= Kyon? Kis Liye? =

2003 film

Kyon? Kis Liye? (Why? And for whom?) is a Bollywood-inspired Hindi-language film that was shot on a low budget in Hamilton, Ontario, Canada in 2003. The film stars Ruby Dhalla, who was elected to the House of Commons of Canada the year after its completion. Dhalla has sought to block the film's DVD release, arguing that her image was "doctored" in its promotional material.

The film was created by Sihra Productions, which was principally operated by Nand Sihra with his sons Gee and Chico. This was their second film, after and Indian production called Tera Mera Pyar (My And Your Love). The plot of Kyon? Kis Liye? was loosely based on the real-life murder trial of Hamilton resident Sukhwinder Dhillon, with the Sihra brothers playing lead roles. In Bollywood style, the film featured several musical production numbers shot in and around Hamilton. It was screened in Toronto and Hamilton before being released to theatres in India.

Ruby Dhalla appeared in the film as a police officer, and was featured prominently on the film's promotional poster. She explained at the time of the film's release that her image had been digitally altered. "They've contoured my body a bit," she said. "In India, thin is not as in."

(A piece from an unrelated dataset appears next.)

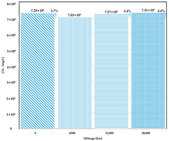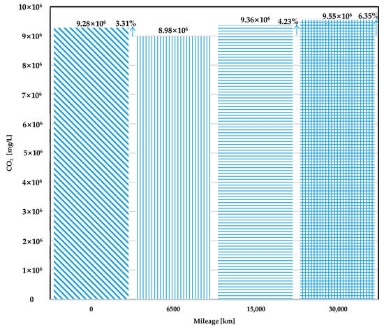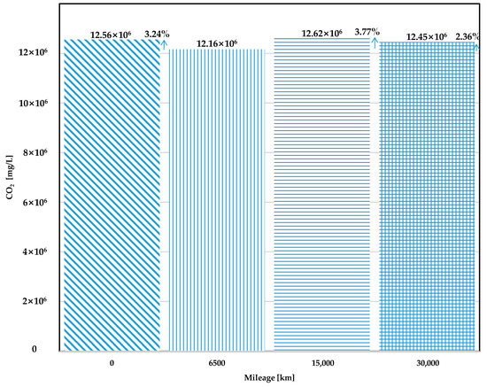 Figure 6 shows average CO2 concentration that was obtained from the test vehicle according to each mileage during FTP-75 cycle tests. The experiment was repeated twice, and the arithmetic mean of CO2 results calculated to reduce the effect on the change in CO2 emissions caused by the driving behavior. CO2 levels show differences by 3.24%, 3.77%, and 2.36% at 0 km, 15,000 km, and 30,000 km mileage, when compared with that at 6500 km mileage. In the case of the vehicle at 0 km mileage, CO2 emission was emitted slightly higher than that at the 6500 km mileage. Since taming of the vehicle at the initial driving of the vehicle usually results in poor fuel economy, it is assumed that CO2 concentrations at 0 km mileage were measured higher. While CO2 emission levels increased higher as compared with the result at 6500 km mileage as the engine ages, CO2 concentration levels at 30,000 km mileage were revealed to decrease when compared with that measured at 15,000 km mileage. This observation suggests increase in CO2 levels is driven by aging of the vehicle engine, as well as driving characteristics of the driver seem to have significant influence on increasing or decreasing CO2 emission even though the same vehicle travels along the same driving cycle. Also, it was shown that there is slight difference in total CO2 production when compared between 15,000 km and 30,000 km cumulative mileage. Since the total amount of CO2 emissions that are generated over the same driving cycle can be considered to be an indicator of fuel efficiency, there is assumed to be almost no variance in fuel consumption until at least 30,000 km after 15,000 km mileage over the FTP cycle. However, because all experiments in this study were conducted using a chassis dynamometer, a vehicle, and instruments for measuring exhaust gas, it was difficult to precisely identify why such results were reached without detailed modeling tools.

In late 2003, federal Heritage Minister Sheila Copps and Indian High Commissioner Shashi Tripathi signed a letter of intent to create a formal relationship between Bollywood and Canada's South Asian film industry. The ceremony took place at the Sihra family's converted auto shop, and the local media noted that the arrangement would benefit companies such as Sinha productions.

Dhalla attempted to block the DVD release of Kyon? Kis Liye? in 2009, arguing that publicity photos and posters from the movie had been "doctored" by putting her face on someone else's body. She also said that the film's release was intended to exploit her status as an elected official. Chico Sihra has said that the images were not doctored, and that Dhalla signed a distribution waiver at the time of the film's production. He adds the form was later destroyed in a fire; Dhalla has denied signing a waiver.